|Me with the Turkeys at Mercade de San Juan|
|My Finished Turkey!|
Here’s what I’m making with my finds! Feel free to substitute leftover chicken or rotisserie chicken for the turkey, and almost any hearty green you like for the bok choy. (Swiss Chard, labeled “acelga”, is commonly found in Mexican grocery stores. If you use a more tender green such as spinach, skip step 3 and add it with the turkey in step 4.)
Asian Turkey Noodle Soup with Bok Choy
Adapted from www.finecooking.com Photo by Scott Phillips
4 oz thin Asian noodles of your preference, such as glass noodles or rice vermicelli
4 Cups chicken or turkey broth
3 large cloves garlic, smashed and peeled
1 2-inch long piece of fresh ginger, peeled and thinly sliced then mashed
1 ½ Tbsp. soy sauce (more for serving)
1 medium head bok choy (about 8 oz.), sliced ¼-inch thick crosswise (about 3 Cups) [see note above for greens substitution ideas]
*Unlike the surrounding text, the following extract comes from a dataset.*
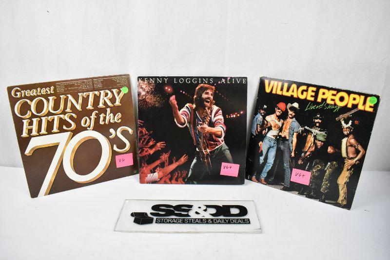 3 LP Record Albums: Greatest Country Hits of the 70s (VG) Kenny Loggins "Alive" (VG+) 2 records set, & Village People "Live & Sleazy" 2 records set (VG+)

2 Cups coarsely shredded cooked turkey or chicken
2 scallions, both white and green parts, thinly sliced
1. In a 3-qt saucepan, bring the broth, garlic, ginger and soy sauce to a rapid simmer over medium high heat. Cover and continue to simmer for 10 minutes; remove and discard garlic and ginger.
2. Add noodles to the broth and cook until tender. Using tongs, distribute the noodles among 4 bowls, preserving the broth in the saucepan.
3. Add the bok choy to the broth and cook, uncovered, until the white parts start to become tender, 3 to 4 minutes. Remove the bok choy and distribute among the bowls.
4. Add the turkey to the broth and simmer until just heated through, about 30 seconds. Distribute the meat and the broth among the bowls. Top with the scallions and serve with more soy sauce on the side.